TASK DIRECTIONS: Reproduction of part of the material below, pictures omitted: copy exactly, and only, the lines starting with the one with "Decorative Acoustic Panels" and going on through the one with "Op deze foto".
[INFORMATION SUPPLIED — start]
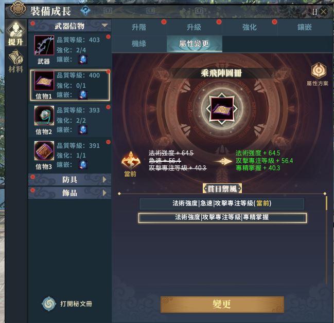 ※機緣最高上限為5級 ※機緣等級不受豪俠限制裝等影響,若需攻略豪俠副本,還請務必進行機緣喔! 【屬性變更】任君挑選,改變成適合自己的屬性吧~ 透過【問道修行】完成「目標」、「引導章節」時,可獲得「四時問心符」來解鎖「武器」、「信物」、「防具」的屬性。
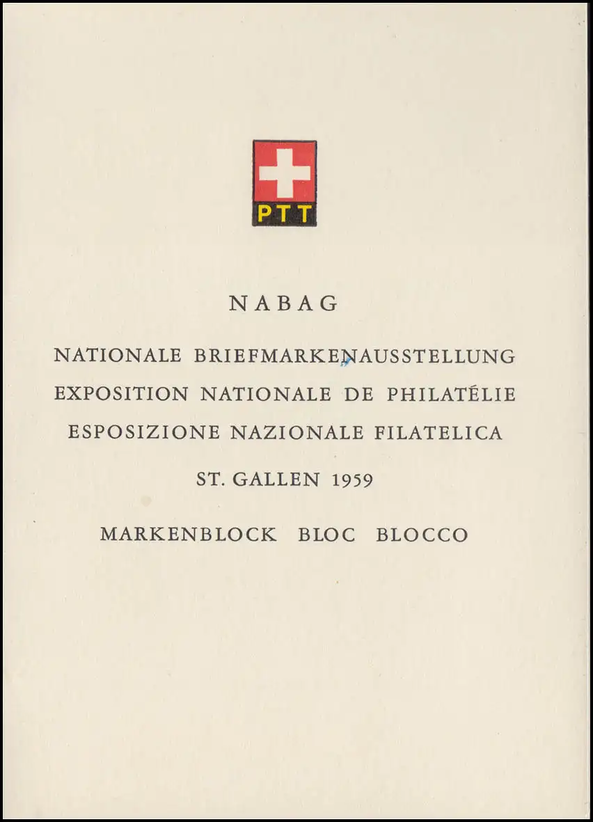 Schweiz Faltblatt Nr. 19 Block NABAG St. Gallen, Nr. 19, ET-O
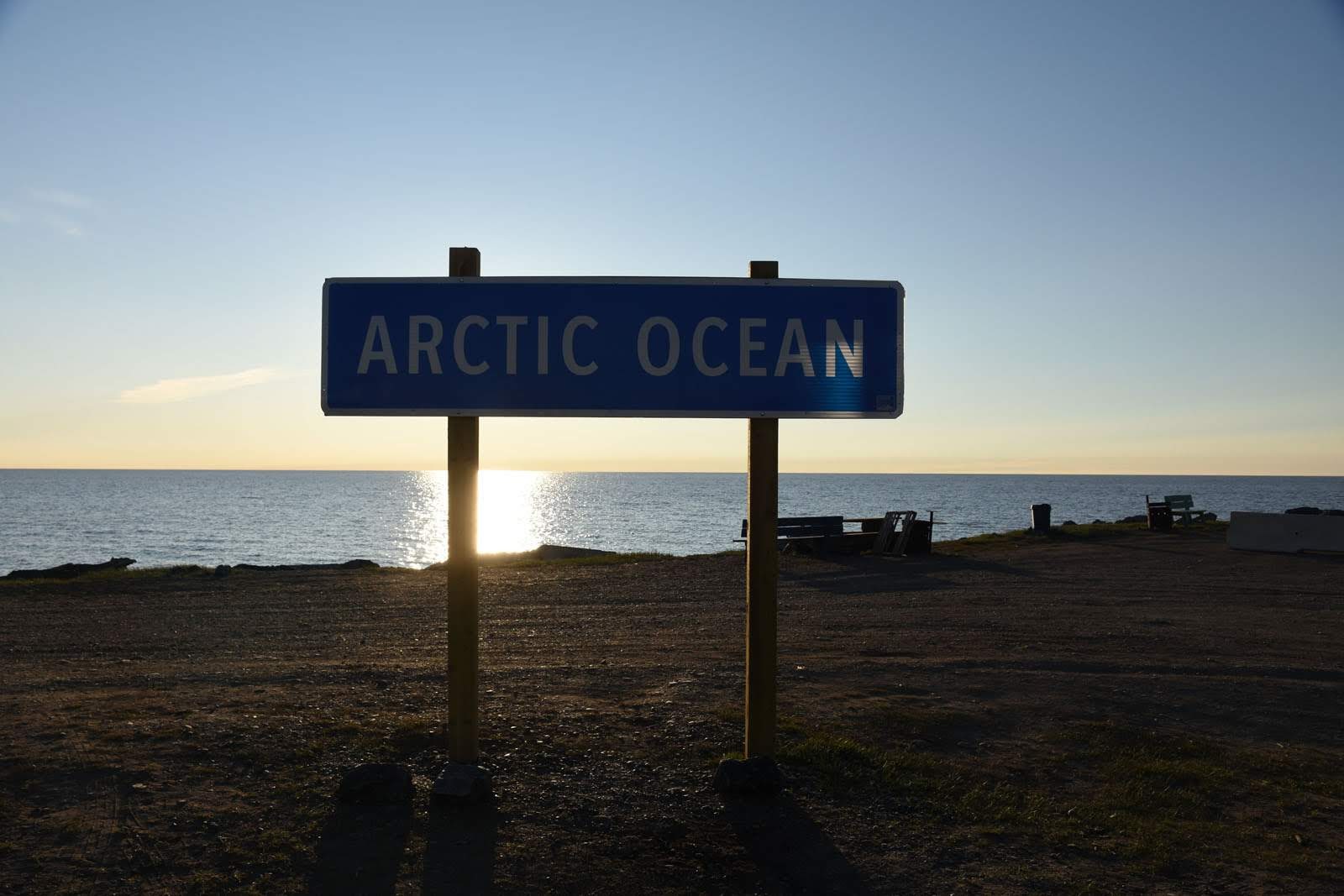 Après avoir passé le cercle Arctique, traversé la frontière des Territoires du Nord-Ouest et pris deux traversiers, nous arrivons à Inuvik, le bout de la route jusqu’à il y a presque deux ans, sous un ciel clair et ensoleillé. Mais nous, on continue. Une nouvelle route a en effet été construite et terminée en 2018, la Centennial Road (à l’occasion du 150e anniversaire du Canada), pour relier Inuvik à Tuktoyaktuk, notre destination finale, sur les rives de la mer de Beaufort. Auparavant, les gens de Tuk ne pouvaient se rendre à la ville que l’hiver par la route de glace. Autant dire qu’ils n’étaient pas nombreux à parcourir ces 150 km et que le village était comme qui dirait coupé du monde. Maintenant que cette route existe, elle est pas mal empruntée, en particulier par les touristes qui veulent tremper un orteil dans les eaux glacées de l’Arctique. Nous ne sommes donc pas seuls, même si – il ne faut rien exagérer – il n’y a pas foule quand même. Surtout à l’heure où nous nous nous y engageons : en partant à 21 h d’Inuvik, on s’assure quand même une certaine tranquillité. Et toute une aventure. La route, qui semble au départ plutôt en bon état, s’avère être l’une des pires routes de gravelle que nous ayons jamais empruntée. Et ce soleil qui nous éclaire comme en plein jour devient vite un handicap, parce que même s’il ne se couche pas, il descend et les pare-soleil ne servent bientôt plus à rien. En revanche, les paysages sont incroyables et indescriptibles. Les photos donnent bien une idée, mais elles ne peuvent transmettre toutes les émotions que nous avons pu ressentir en admirant ce qui nous entourait. Enfin, à 23 h 30, épuisés, nous arrivons devant l’emblématique panneau : Arctic Ocean, le plus au Nord que nous irons jamais. Et on ne nous a pas menti, il ne fait pas nuit.
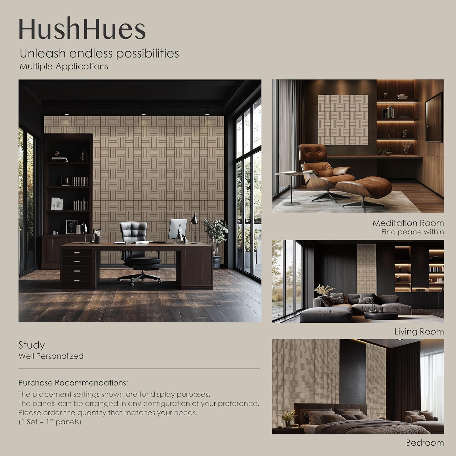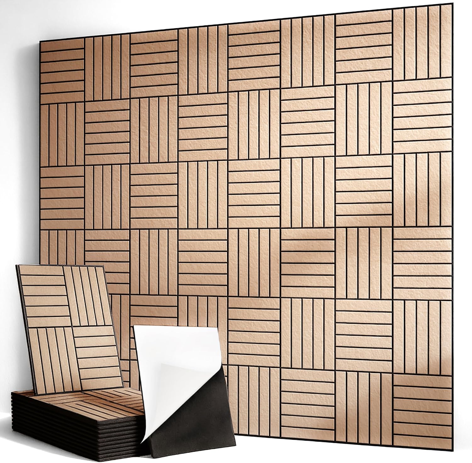 12-Pack Acoustic Panels, 16"x12"x0.4" Large Acoustic Wall Panels, Self-Adhesive Sound Absorbing Panels for Recording Studios & Offices,Camel+Black Decorative Acoustic Panels
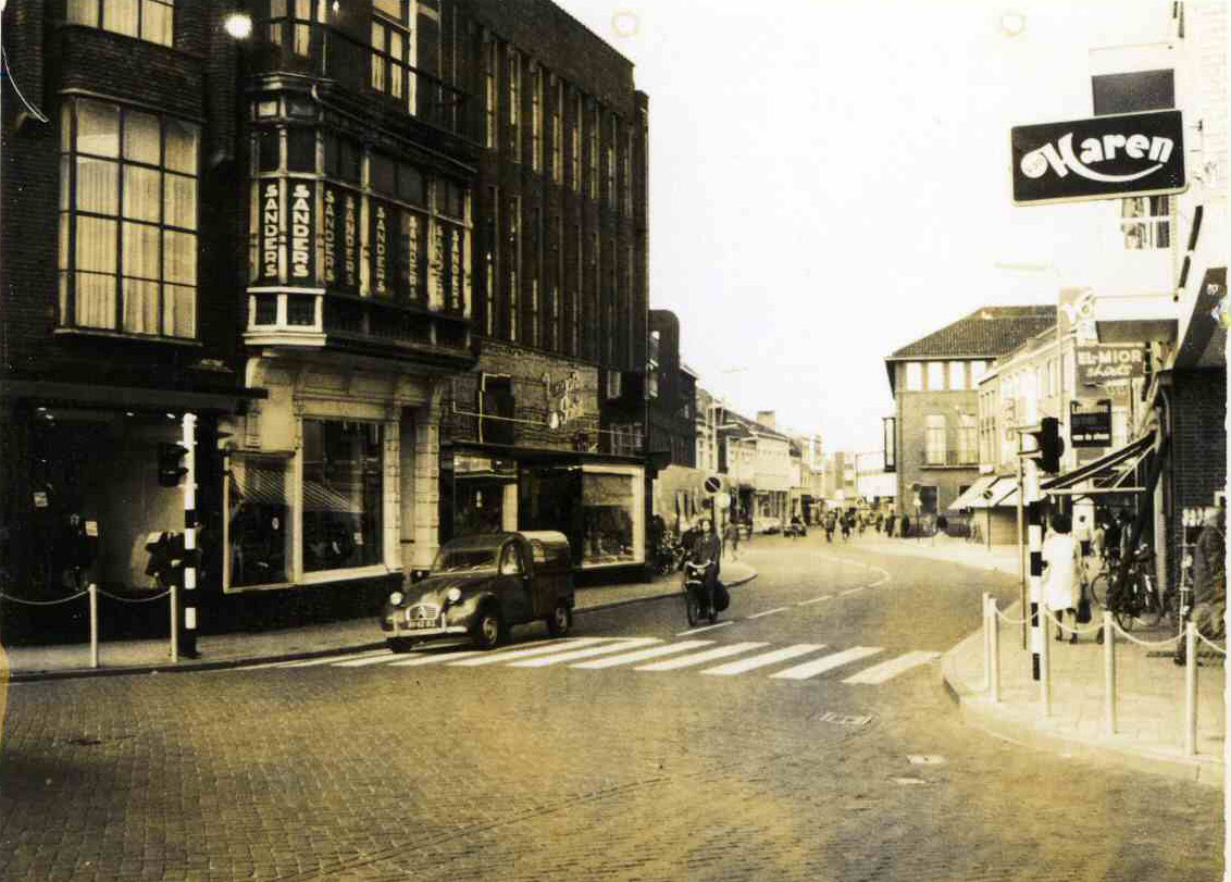 Op deze foto van de Langestraat hoek Kalanderstraat in 1967 is te zien dat Modehuis Sanders op de hoek zat en rechts daarvan Magasin de Paris
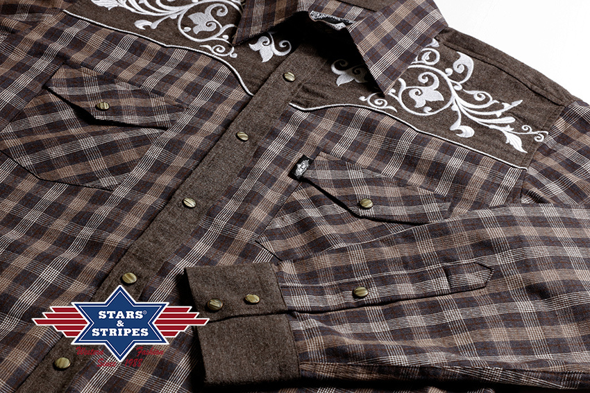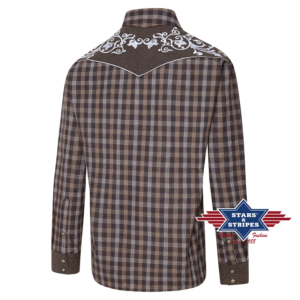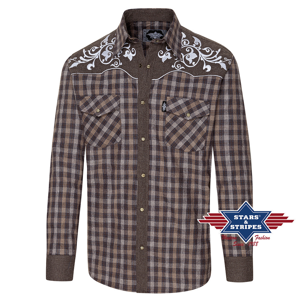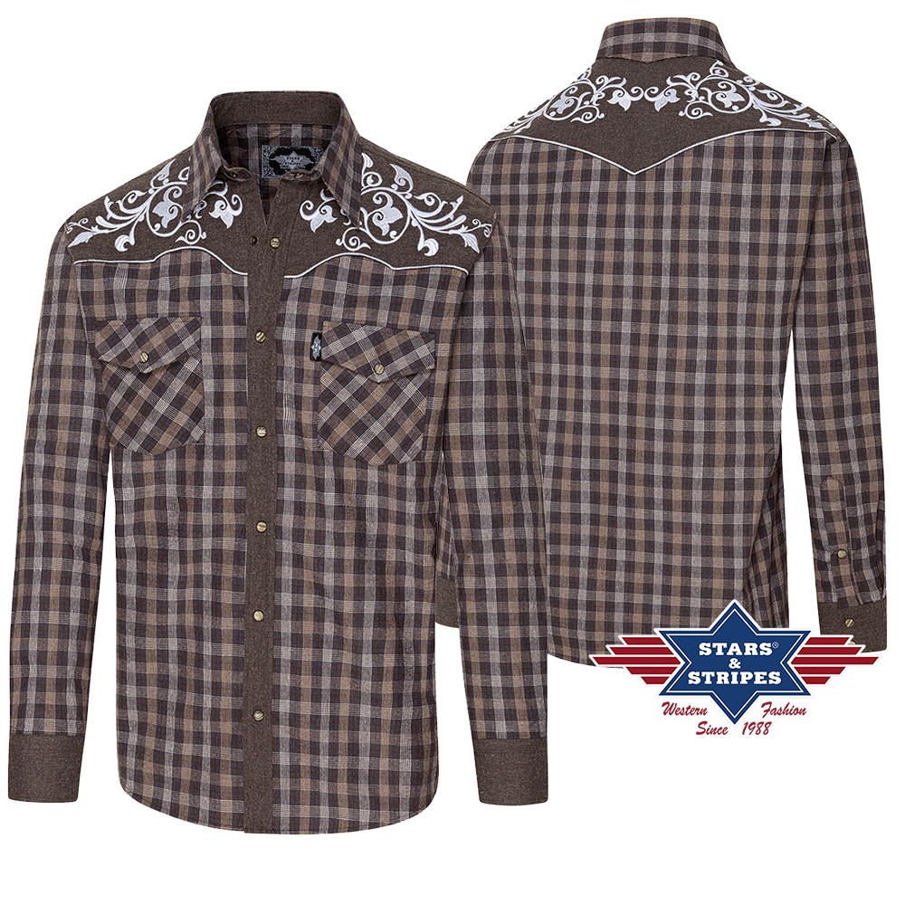 Stylová kostkovaná košile s vyšívaným westernovým sedlem květinového vzoru. Košili dotváří náprsní kapsy, lem v límci a slušivé patentky.
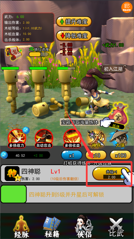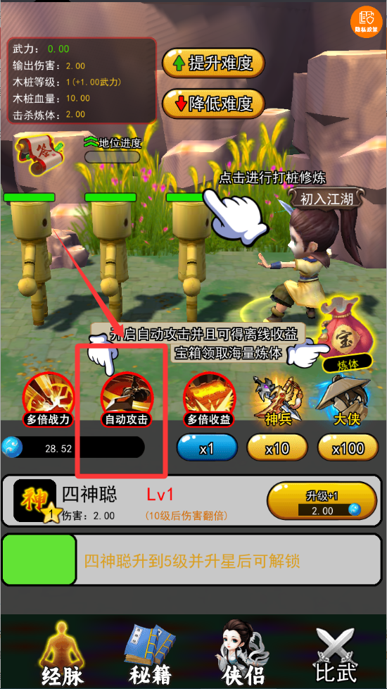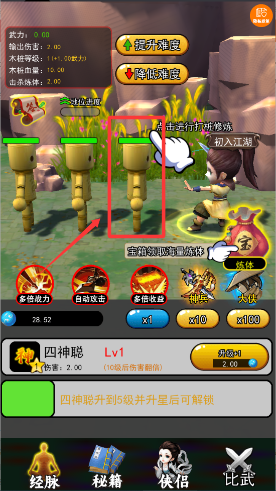 1、点击一下打桩修炼可以增加武力值。
[INFORMATION SUPPLIED — finish]
ANSWER TO THE EXERCISE:
 12-Pack Acoustic Panels, 16"x12"x0.4" Large Acoustic Wall Panels, Self-Adhesive Sound Absorbing Panels for Recording Studios & Offices,Camel+Black Decorative Acoustic Panels
 Op deze foto van de Langestraat hoek Kalanderstraat in 1967 is te zien dat Modehuis Sanders op de hoek zat en rechts daarvan Magasin de Paris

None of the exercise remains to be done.